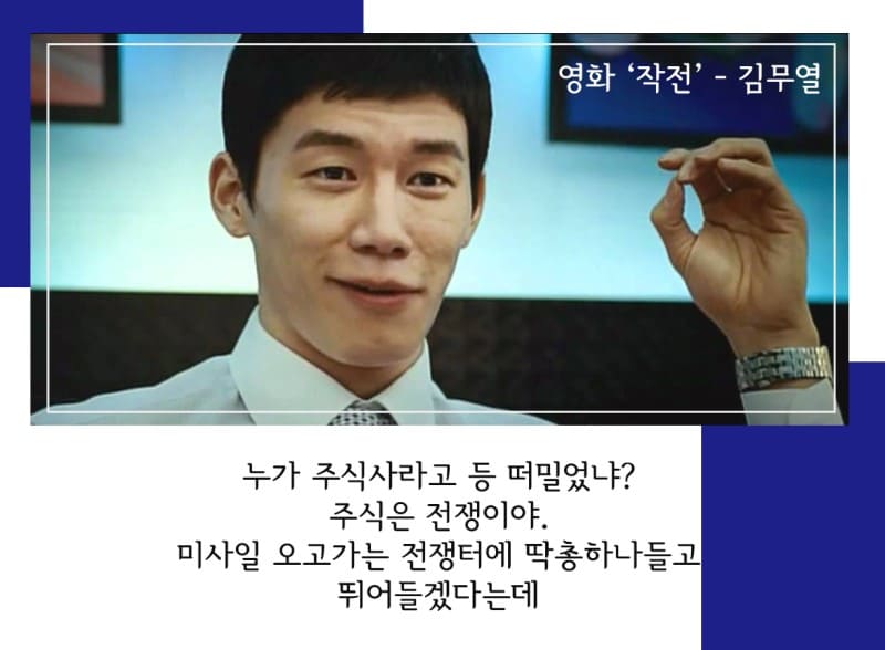 위 그림은 영화 작전에서 김무열 씨가 하신 말씀입니다 주식투자는 전쟁터라고 하는데 딱총 하나 들고 뛰어들겠다고 합니다 이 말은 주식투자에 있어서 준비가 되지 않으면 신중하라는 말씀 같습니다. 우리 모두 주식투자를 하기 앞서서 전쟁터에 들어가기 전에 많은 준비를 하고 투자에 임했으면 좋겠습니다. 이상으로 포스팅을 마치겠습니다. 감사합니다.
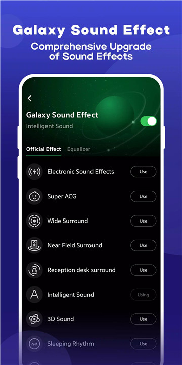 Pro Sound Quality: Experience superior sound with our exclusive Galaxy Sound effects. This feature delivers professional-grade audio, enhancing the way you hear and enjoy your favorite songs.
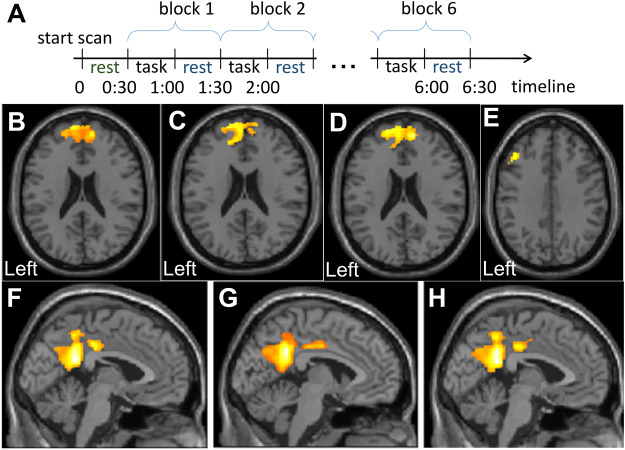 (A)fMRI 數(shù)據(jù)共分為6個區(qū)塊,每個區(qū)塊由雙任務和休息期組成。 丟棄第一個休息期(綠色表示)以確保達到T1平衡。 (B)治療前患者左額葉皮質(zhì)的失活區(qū)-言語工作記憶環(huán)路前部成分的一部分。 失活簇包括Brodmann區(qū)9和10。(C) 干細胞注射后患者左右額葉皮質(zhì)的失活區(qū)和(D)相應的差異圖像顯示失活體積顯著減少(P?<0.001)。(E) 治療后,Brodmann 區(qū) 9 的部分額葉皮質(zhì)變?yōu)榧せ顓^(qū)。(F)左后扣帶回左側邊緣葉失活區(qū)治療前和治療后(G)體積均無變化(P?>0.05)。(H)然而,差值圖像顯示其定位發(fā)生了變化。
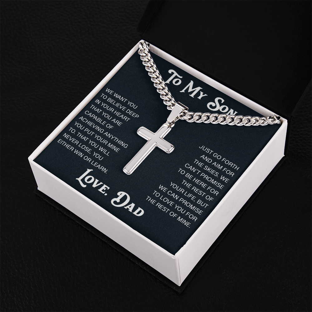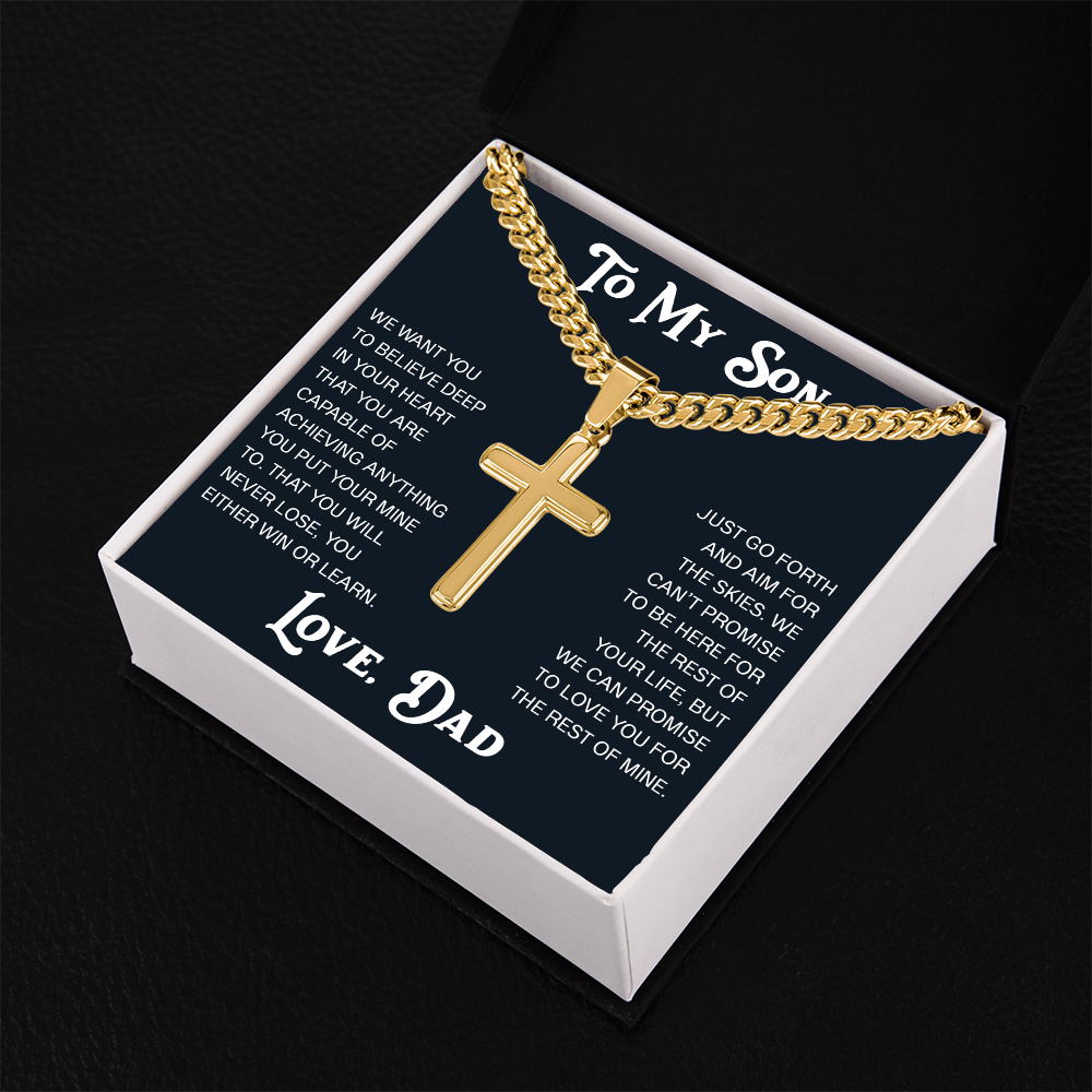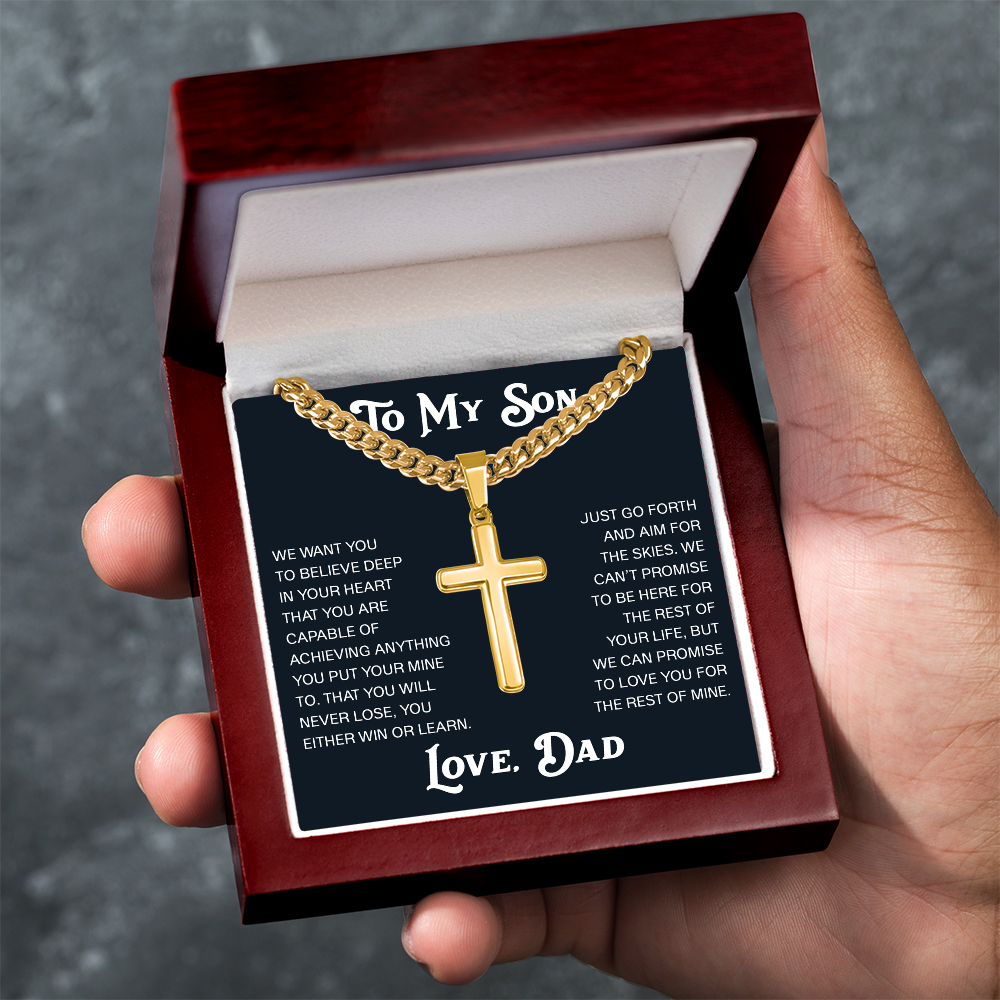 To My Son Artisan Cross with Cuban Link Chain Gift from Dad Father - Unique Present for Graduation, Birthday, Christmas or any Special Occasion
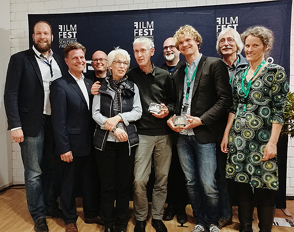 23. Filmfest SH 2019Das 23. Filmfest Schleswig-Holstein endete mit der Verleihung von zwei FilmpreisenMit einem abwechslungsreichen Kurzfilmabend und anschließender Ehrung der Preisträger ging am Abend des 11. Mai 2019 das 23. Filmfest Schleswig-Holstein im ausverkauften Kino in der Pumpe Kiel zu Ende. Festivalleiter Arne Sommer blickte dieses Jahr auf einen besonders starken Wettbewerb zurück: „Von Flensburg nach Kalifornien, aus der DDR ins Moor, aus der Vergangenheit in die Zukunft, geflüchtet, auf der Durchreise und angekommen in 360 Grad – selten wurde für mich so deutlich, wie sehr Schleswig-Holstein mit der ganzen Welt verbunden ist, wie wichtig es ist – künstlerisch und politisch – den Kopf nicht in den Sandstrand zu stecken, sondern wach mit der Filmlinse in die Welt zu blicken.“ Der neue Gesa Rautenberg Langfilmpreis für Wettbewerbsbeiträge ab 25 Minuten wurde von einer dreiköpfigen Jury vergeben. Die künstlerische Leiterin der Nordischen Filmtage Lübeck Linde Fröhlich, die Co-Geschäftsführerin des Filmbüros Bremen und Produzentin Saskia Wegelein, sowie Filmemacher und FFSH-Publikumspreis-Gewinner 2018 Kay Gerdes entschieden sich für den Dokumentarfilm „To B or to B flat“, ein Portrait des belgischen Komponisten Boudewijn Buckinx, von der gebürtigen Kielerin Viola Rusche und Hauke Harder. Ihre Begründung lautete: „Der Preis geht an einen Film, der Verwickeltes einfach macht und uns einen Menschen und Künstler nahebringt, mit dessen Schaffen wir wahrscheinlich sonst nie in Berührung gekommen wären. Hervorragender Ton und eine klare Kamera, fast minimalistisch, dabei ausdrucksstark und humorvoll wie der Protagonist und seine Musik, begeistern.“ Die mit 2.000 Euro dotierte Auszeichnung in Form eines Buddelschiffs wurde vom Vorstandsvorsitzenden des Preisstifters und Mit-Veranstalters Filmkultur Schleswig-Holstein e.V. Christoph Zickler übergeben. „Mit diesem Preis drücken wir unsere tiefe Wertschätzung für das Filmschaffen im Land Schleswig-Holstein aus und möchten damit zur Professionalisierung der hiesigen Filmszene beitragen. Im Gegenzug freuen wir uns jedes Jahr über Geschichten und Bilder, die uns berühren und neue Gedanken und Perspektiven eröffnen“ sagte Zickler. ![]() Die Preisträger: (v.l.) Viola Rusche und Hauke Harder (Gesa Rautenberg Langfilmpreis), Friedrich Tiedtke (Publikumspreis Kurzfilm) (Foto: jm)Außerdem wurde der Publikumspreis Kurzfilm SH an einen Beitrag aus dem vorangegangenen Kurzfilmprogramm verliehen. Über das Preisgeld in Höhe von 2.000 Euro, das auch in diesem Jahr von der PSD-Bank gestiftet wurde, konnte sich der Eckernförder Jungfilmemacher Friedrich Tiedtke mit seinem Film „Mann auf Blau“ freuen. Der Kurz-Dokumentarfilm erzählt die Geschichte des Meisterschülers Henri Haake, der seine Erfahrungen mit der Kunstwelt in einem Gemälde spiegelt. Der Vorstandssprecher der PSD-Bank Kiel eG Michael Kunkel übergab die Auszeichnung unter anhaltendem Beifall. ![]() Stolze Preisträger, Preisstifter und Jury: (v.l.) Christoph Zickler, Michael Kunkel, Daniel Krönke, Viola Rusche, Hauke Harder, Arne Sommer, Friedrich Tiedtke, Kay Gerdes, Saskia Wegelein (Foto: Anna Rowedder)Im Anschluss an die Preisverleihungen wurde in der Filmkultur Lounge der Abschluss des 23. Filmfest Schleswig-Holstein gefeiert. (nach einer Pressemitteilung des Filmfests SH) |
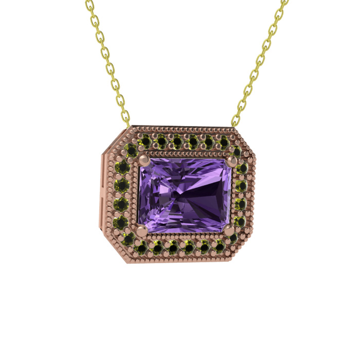 Ametist ve peridot 8 ayar rose altın kolye (40 cm gümüş rolo zincir)
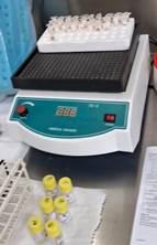 Imágenes de la bancada, pipeteo y equipo empleado en el procesamiento de muestras y en la técnica de radioinmunoanálisis (RIA). Ilustran la instrumentación y la operatoria del laboratorio responsable de la cuantificación (Imágenes propias).
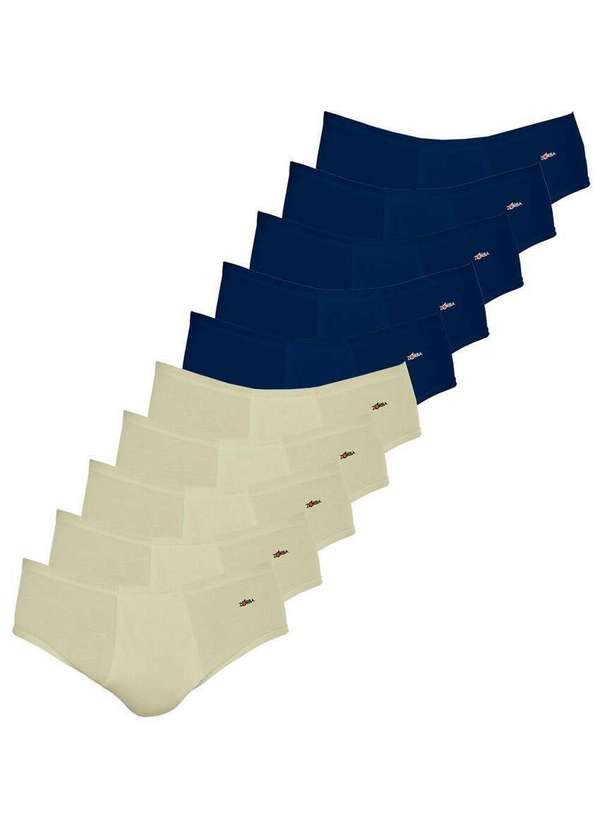 Zorba - Kit com 10 Cuecas Slip Zorba com Abertura 172 Bege-Marinho
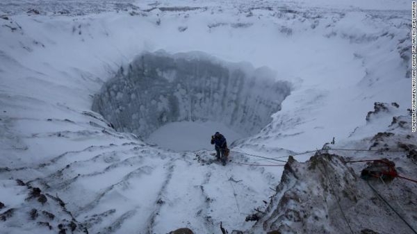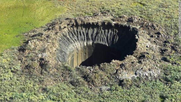 Έναν τεράστιο κρατήρα βάθους 30 και διαμέτρου 20 μέτρων, εντόπισε κατά τη διάρκεια του καλοκαιριού ρωσικό τηλεοπτικό συνεργείο που πετούσε πάνω από την τούνδρα της Σιβηρίας.
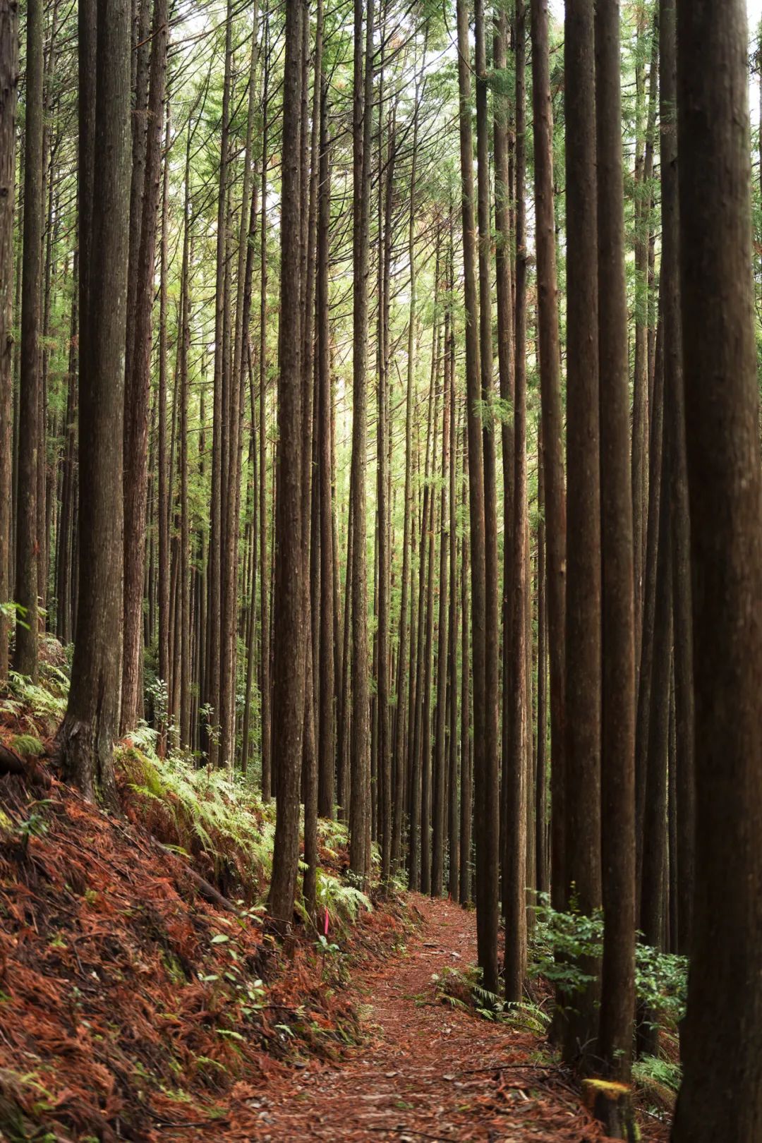 从景观上来说,熊野古道最常见的就是森林景观。深绿和淡蓝之间的杉树林有着坚定不移的凛冽姿态,比任何一种植物都更加笔直光滑。漫山杉树的颜色,一眼望去也是好看极了,峡谷一齐演奏着蓝色交响曲,是蓝色和绿色的树林混合交织出的一曲独奏。
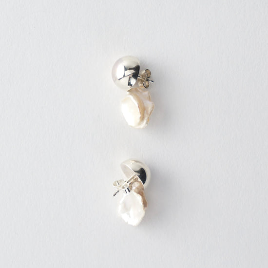 Material: 12mm Sterling silver Hemispheres / Keshi freshwater pearl / 25mm total length / for pierced ears / Sold as a pair
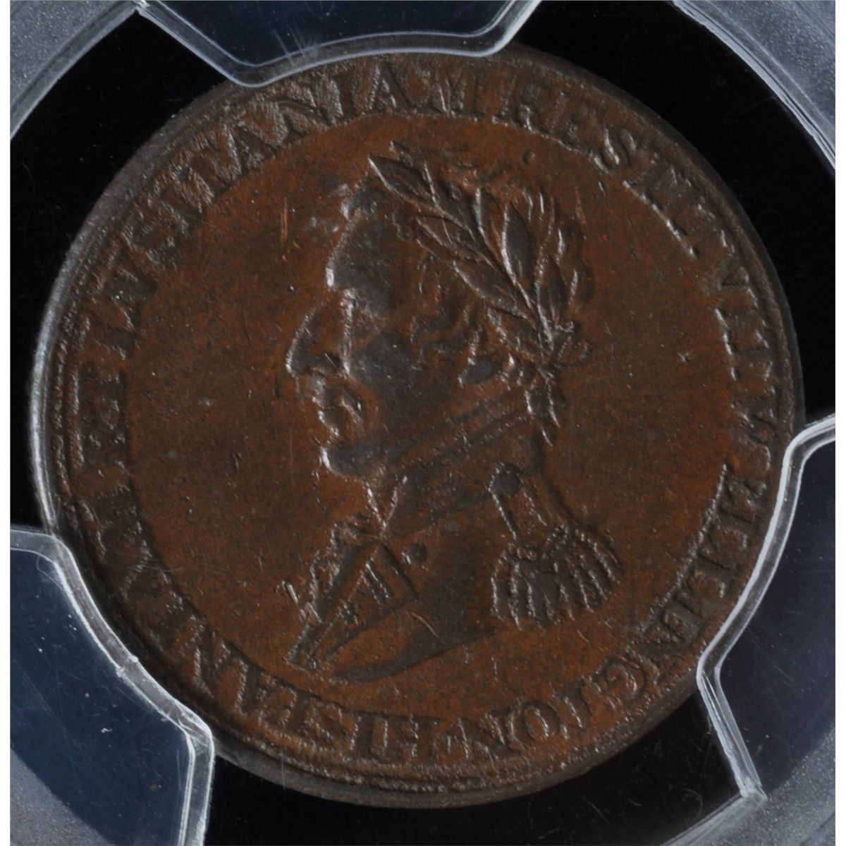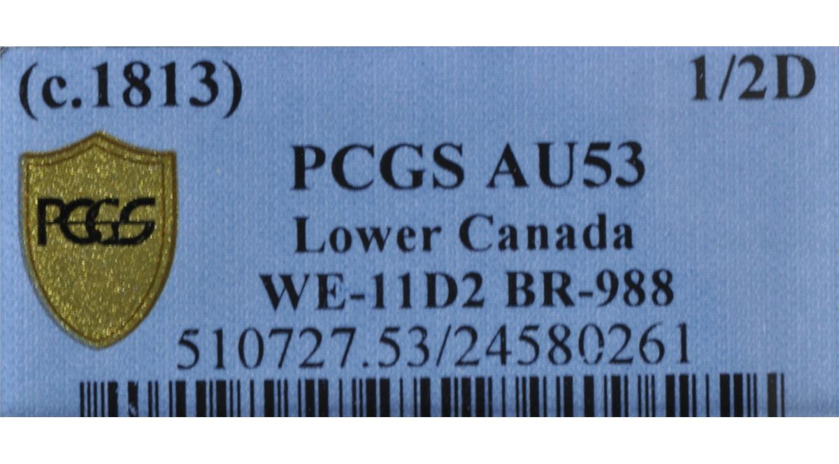 CH WE-11D2 - BR 988, Wellington Lower Canada Half Penny Token (c.1813), PCGS AU53. Ex:Temple.
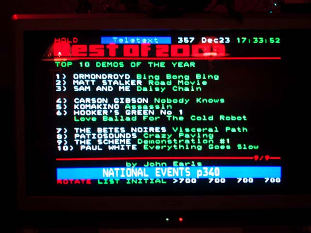 23rd December 2003: Sam and Me voted third best demo of the year on Teletext
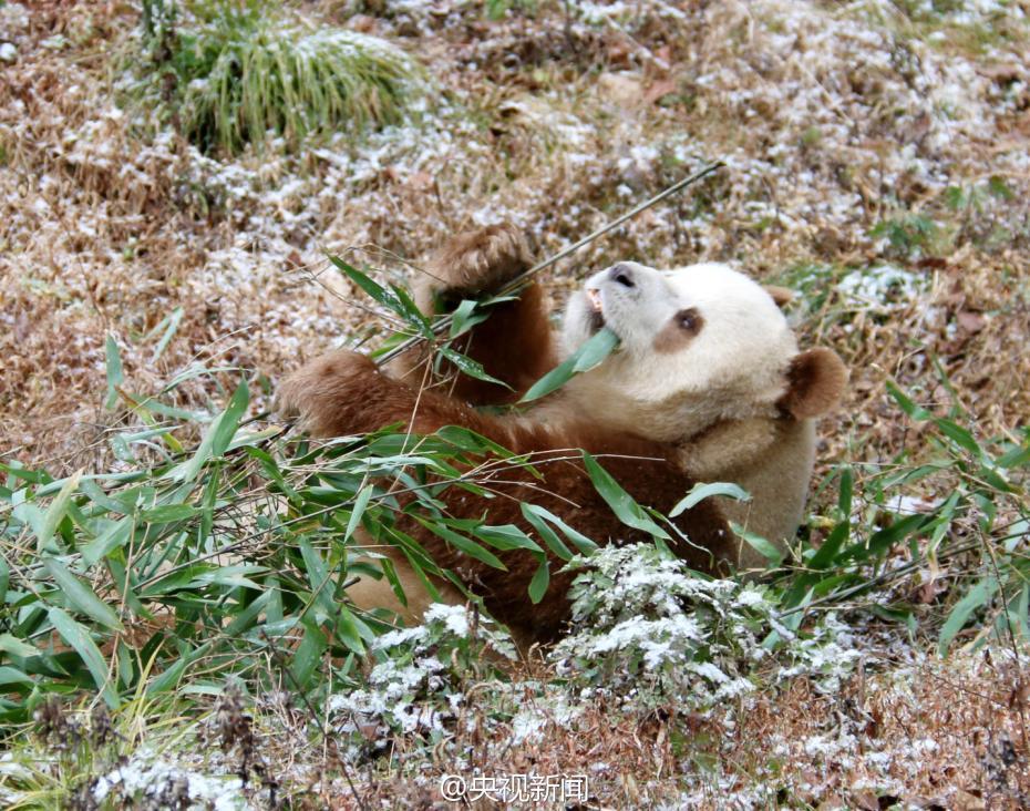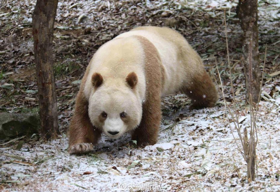 秦嶺大熊貓野化培訓(xùn)佛坪基地,7歲的棕色大熊貓七仔是目前全世界唯一能看到的棕色大熊貓活體。今年是它在基地過(guò)的第二個(gè)冬天,每逢下雪,七仔就興奮地滿園子跑,變身“雪花熊”。央視記者李志 王志杰 圖片來(lái)源:央視新聞官方微博

→ REQUIRED ACTION: The lines wanted run from the first one in the material above through the line containing "To My Son Artisan"; give them again exactly, leaving out the pictures.

→ TASK RESPONSE:
 위 그림은 영화 작전에서 김무열 씨가 하신 말씀입니다 주식투자는 전쟁터라고 하는데 딱총 하나 들고 뛰어들겠다고 합니다 이 말은 주식투자에 있어서 준비가 되지 않으면 신중하라는 말씀 같습니다. 우리 모두 주식투자를 하기 앞서서 전쟁터에 들어가기 전에 많은 준비를 하고 투자에 임했으면 좋겠습니다. 이상으로 포스팅을 마치겠습니다. 감사합니다.
 Pro Sound Quality: Experience superior sound with our exclusive Galaxy Sound effects. This feature delivers professional-grade audio, enhancing the way you hear and enjoy your favorite songs.
 (A)fMRI 數(shù)據(jù)共分為6個區(qū)塊,每個區(qū)塊由雙任務和休息期組成。 丟棄第一個休息期(綠色表示)以確保達到T1平衡。 (B)治療前患者左額葉皮質(zhì)的失活區(qū)-言語工作記憶環(huán)路前部成分的一部分。 失活簇包括Brodmann區(qū)9和10。(C) 干細胞注射后患者左右額葉皮質(zhì)的失活區(qū)和(D)相應的差異圖像顯示失活體積顯著減少(P?<0.001)。(E) 治療后,Brodmann 區(qū) 9 的部分額葉皮質(zhì)變?yōu)榧せ顓^(qū)。(F)左后扣帶回左側邊緣葉失活區(qū)治療前和治療后(G)體積均無變化(P?>0.05)。(H)然而,差值圖像顯示其定位發(fā)生了變化。
 To My Son Artisan Cross with Cuban Link Chain Gift from Dad Father - Unique Present for Graduation, Birthday, Christmas or any Special Occasion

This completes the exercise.